Simulation and improvement of the separation process of
In this study, in the classical design of the process, acetylene is separated first, and then acetaldehyde is removed with the formation of an azeotrope between ethylene acetate and water.
Catalytic routes and mechanisms for vinyl acetate synthesis
Here, we review studies on catalyst structure and reaction mechanisms for vinyl acetate synthesis via heterogeneous non-oxidative acetylene acetoxylation and homogeneous and heterogeneous oxidative ethylene acetoxylation.
In the vast realm of organic chemistry, chemical reactions serve as essential tools for material transformation and the exploration of unknowns. Vinyl acetate, an important class of organic compounds, plays a critical role in both understanding and applying its structural stability and reactivity. Among various reactions, rearrangement—a common chemical process that alters molecular configurations—offers opportunities to synthesize novel compounds. This paper aims to explore rearrangement methods of vinyl acetate, providing insights for related research.
1. Basic Concept of Rearrangement
Rearrangement refers to the process where atoms or functional groups within a molecule undergo relative positional changes, leading to a reorganized molecular structure. Such changes may involve stereochemical adjustments, such as cis-trans isomerism or enantiomeric conversion, or electronic effects like the formation/disruption of conjugated systems. Rearrangements are dynamic equilibrium processes often accompanied by energy shifts.

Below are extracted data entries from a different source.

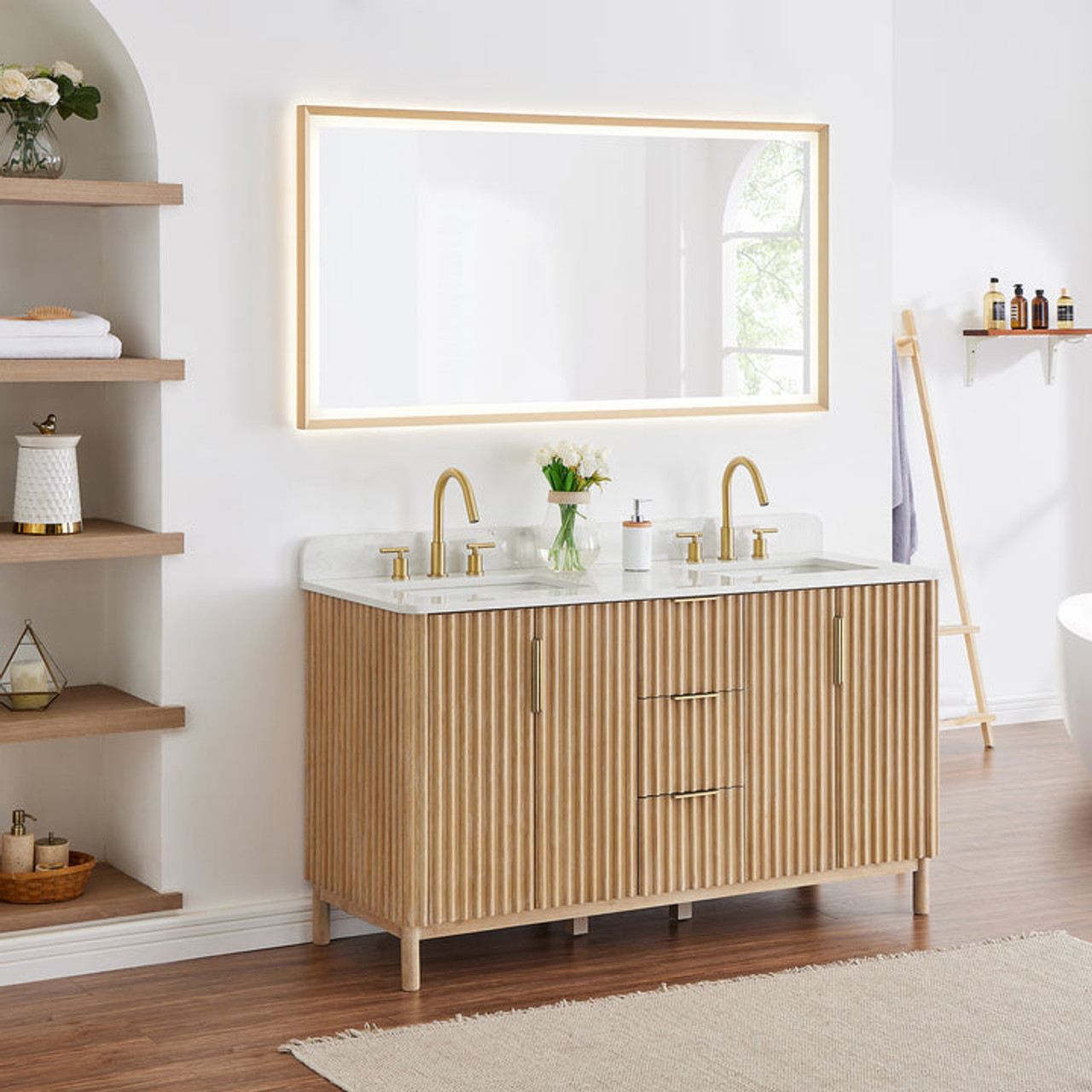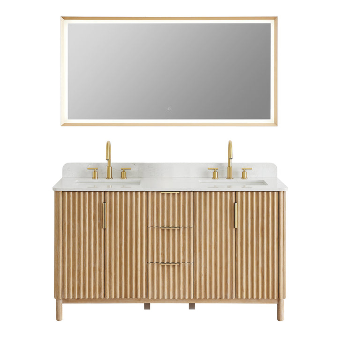 - Matching Mirror(s): Single, matching LED mirror in Brushed Gold creates a balanced aesthetic
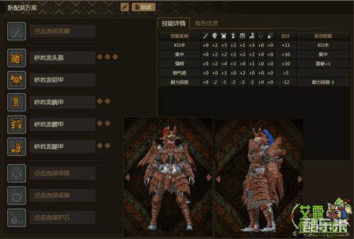 套装属性:KO术+11(增加攻击的气绝效果)、集中+10(大剑、锤、弓蓄力时间缩短5%;双刀鬼人槽积攒效率+15%;太刀练气槽积攒效率+5%)、看破+10(受到攻击后10秒内再次受到的首次攻击伤害降低,一段时间内仅触发一次)、耐力回复-12(减低耐力回复)以及锁气绝+5(无特效触发)
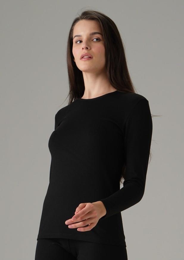 Somon renginde, uzun kollu ve termal yapısıyla sıcak tutan bir kadın T-shirt.
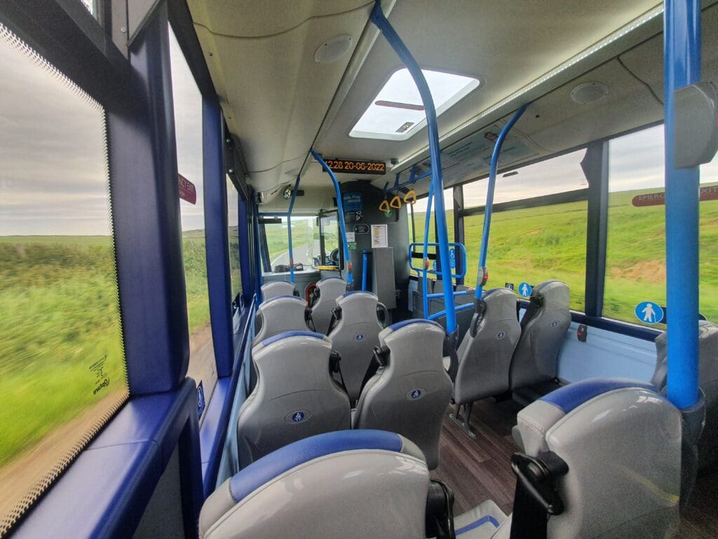 Despite being a keen walker, that afternoon the chilly Orcadian temperatures and lack of pavements on the road to the airport dissuaded me from making the one-hour walk to the airport. Fortunately, for much of the day, Kirkwall Airport is served by a relatively frequent bus service. This runs between the town centre and the airport, at its most frequent departing at intervals of every thirty minutes. After warming up for a few minutes in the waiting room, I headed outside to Stance 4 where a modern Stagecoach-operated bus could be seen waiting to head off. Upon stepping onto this, the driver gave me a friendly greeting before I paid the £1.70 fare by contactless bank card and headed down the bus. After sitting down, the driver popped out for a quick cigarette which, keeping the bus doors open, resulted in the scent of cigarette smoke lingering inside the small bus for the duration of the journey. Once they had returned to their cab, I was joined by one fellow passenger before this pulled out of the stand and headed down the town centre’s streets and out to Kirkwall’s suburbs. Following a quick mid-journey stop to allow the other passenger to disembark, the bus sped out of Kirkwall and soon enough the cold-looking waters of Inganess Bay appeared, next to which Kirkwall Airport could be seen. As we neared the airport, I caught sight of the Islander that I had taken the previous day sitting next to the Loganair hangar, as well two other Loganair aircraft sitting outside the terminal – an ATR 72 Freighter and a Saab 340, both of which would later head southwards to Inverness.

2. Structural Features of Vinyl Acetate
Vinyl acetate (C₂H₃O₂) is an organic compound containing a carbon-carbon double bond and a carbonyl group. Its structure dictates potential rearrangement pathways during reactions. For instance, epoxidation can generate cyclic derivatives with diverse ring structures.
3. Rearrangement Methods of Vinyl Acetate
3.1 Epoxidation Reaction
Epoxidation is one of the most common rearrangement methods for vinyl acetate. It introduces an oxygen atom onto the carbon-carbon double bond, forming an epoxide. This can be achieved via multiple approaches, including peroxides, hydroperoxides, or acid/base catalysis. The resulting epoxides can subsequently undergo ring-opening, addition, or elimination reactions to yield other compounds.
3.2 Nucleophilic Substitution Reaction
Nucleophilic substitution is another key rearrangement method. By attacking the carbonyl carbon of vinyl acetate with nucleophiles (e.g., amines, alcohols, thiols), rearrangement occurs. This process typically involves carbanionic intermediates, followed by proton or solvent elimination to release products.
3.3 Radical Rearrangement
Under specific conditions, vinyl acetate may undergo radical rearrangement. This involves radical formation and reorganization, often initiated by light, heat, or ionizing radiation. Radical pathways can produce unique compounds with distinct physical and chemical properties.
4. Applications of Rearrangement
Rearrangement methods for vinyl acetate hold both theoretical and practical significance. Epoxidation products, such as epoxides, are precursors for epoxy resins, polyurethane foams, and other polymers. Compounds derived from nucleophilic substitution serve as chiral catalysts, pharmaceutical intermediates, or natural product analogs. Radical rearrangement-generated compounds play critical roles in organic synthesis, particularly in designing complex molecular architectures and functional materials.
5. Future Perspectives
Advances in science and technology will deepen our understanding of vinyl acetate and its rearrangement methods. Future research may focus on improving efficiency, optimizing reaction conditions, and exploring novel rearrangement pathways. Additionally, aligning with green and sustainable chemistry, efforts will prioritize reducing harmful byproducts and enhancing resource utilization.
rearrangement methods of vinyl acetate are not only a cornerstone of organic chemistry research but also a gateway to chemical innovation. By mastering these methods, we can develop more practical organic compounds, contributing to societal progress.